WHAT YOU ARE ASKED TO DO:
What is needed is an exact copy of the lines in the entries below from the one holding "Nishihirose Paking Area" through the one holding "Looking north at", pictures excluded.
ENTRIES SUPPLIED Block Start
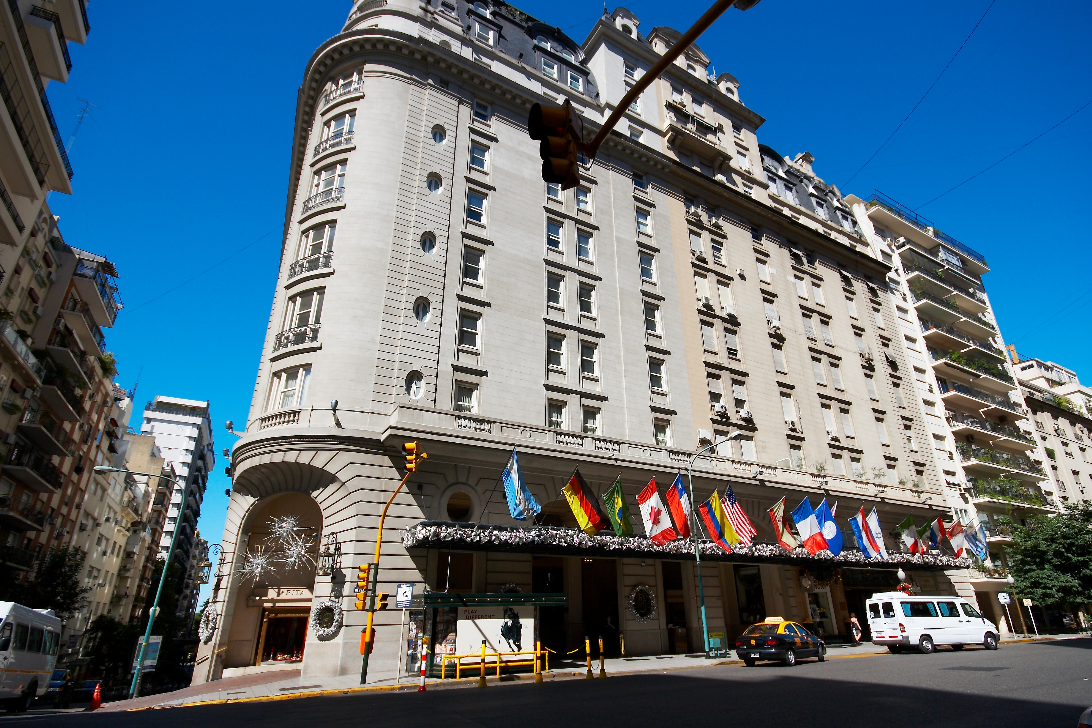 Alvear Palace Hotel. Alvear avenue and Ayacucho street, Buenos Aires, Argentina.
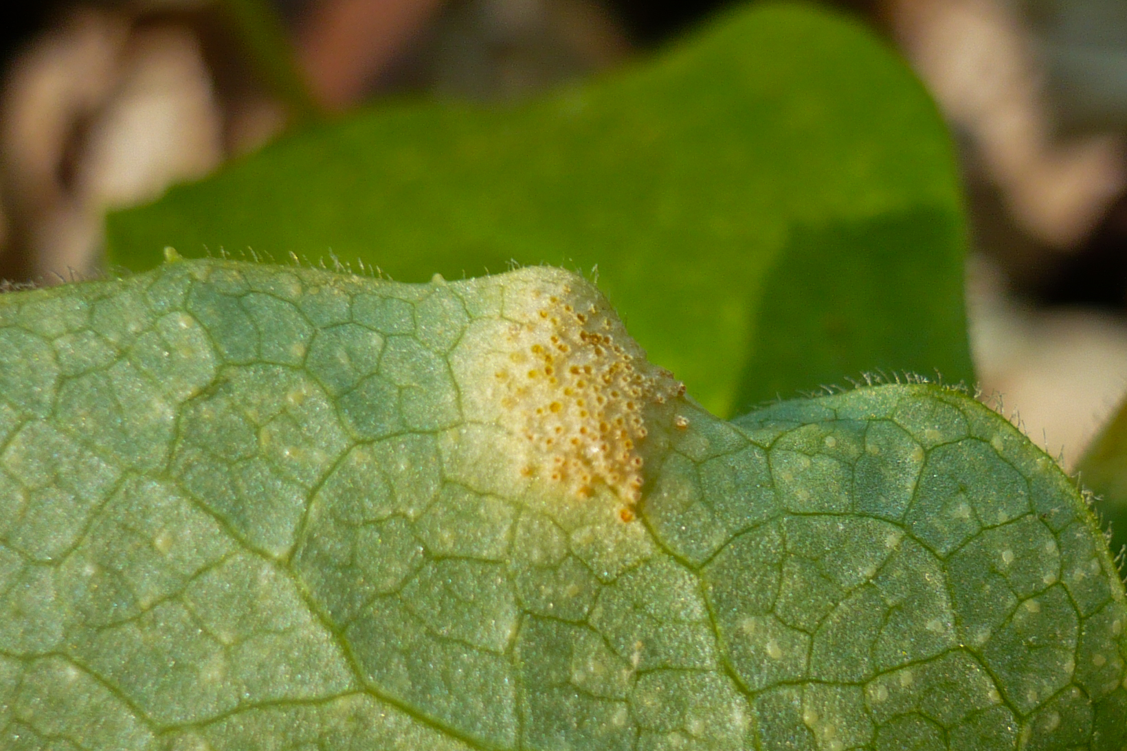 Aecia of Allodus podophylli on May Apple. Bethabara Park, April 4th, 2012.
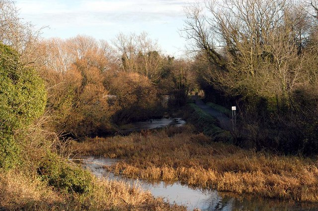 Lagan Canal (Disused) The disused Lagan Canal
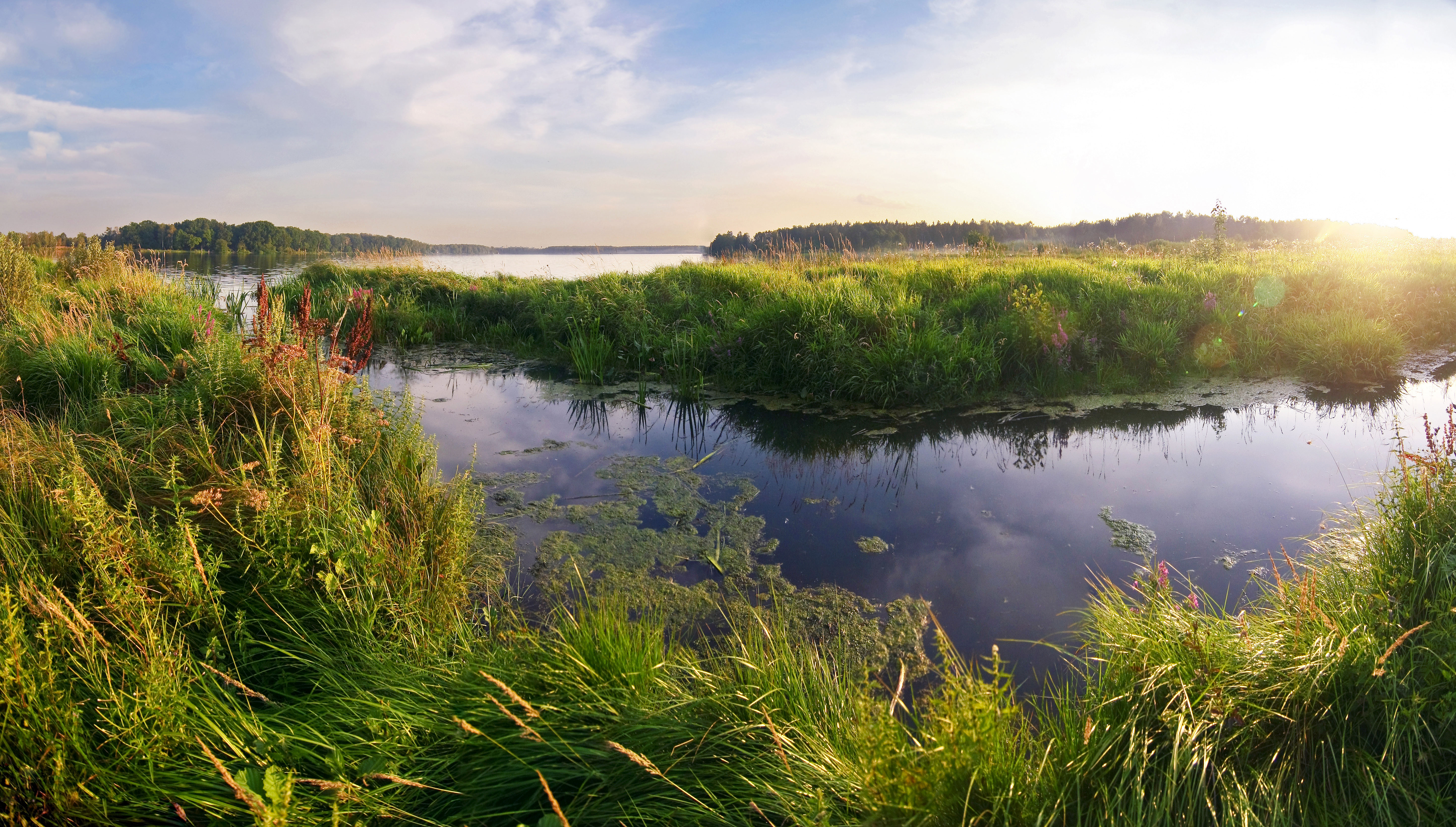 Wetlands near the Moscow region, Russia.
ENTRIES SUPPLIED Block End
ENTRIES SUPPLIED Block Start
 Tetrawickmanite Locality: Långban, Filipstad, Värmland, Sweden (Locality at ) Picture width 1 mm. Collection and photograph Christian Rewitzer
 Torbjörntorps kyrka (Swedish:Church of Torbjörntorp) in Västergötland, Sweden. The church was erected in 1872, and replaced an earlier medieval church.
ENTRIES SUPPLIED Block End
ENTRIES SUPPLIED Block Start
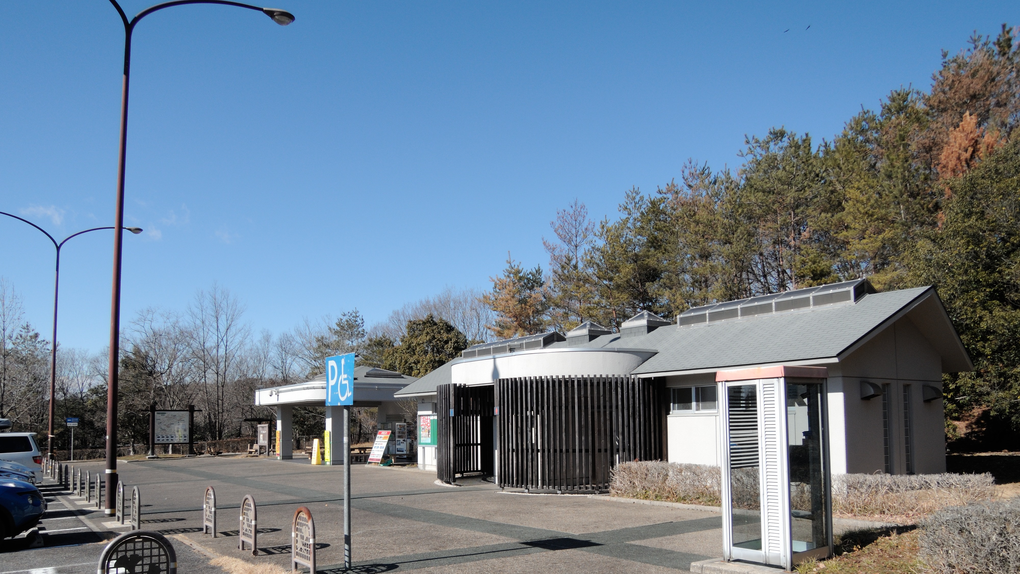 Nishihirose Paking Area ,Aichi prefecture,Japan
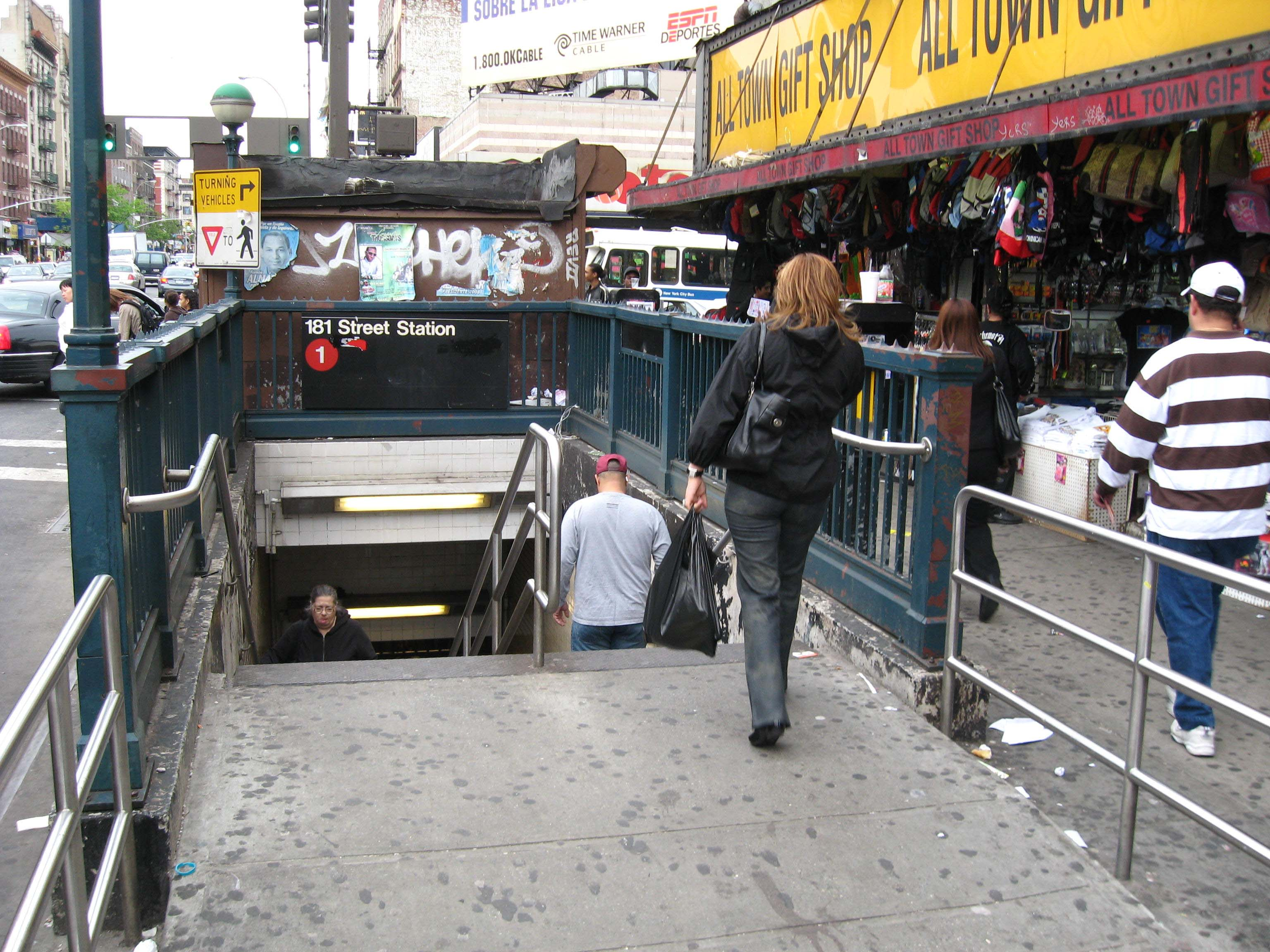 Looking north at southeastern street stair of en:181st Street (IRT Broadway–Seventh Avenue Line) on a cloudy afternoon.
ENTRIES SUPPLIED Block End
THE COMPLETED TASK:
 Nishihirose Paking Area ,Aichi prefecture,Japan
 Looking north at southeastern street stair of en:181st Street (IRT Broadway–Seventh Avenue Line) on a cloudy afternoon.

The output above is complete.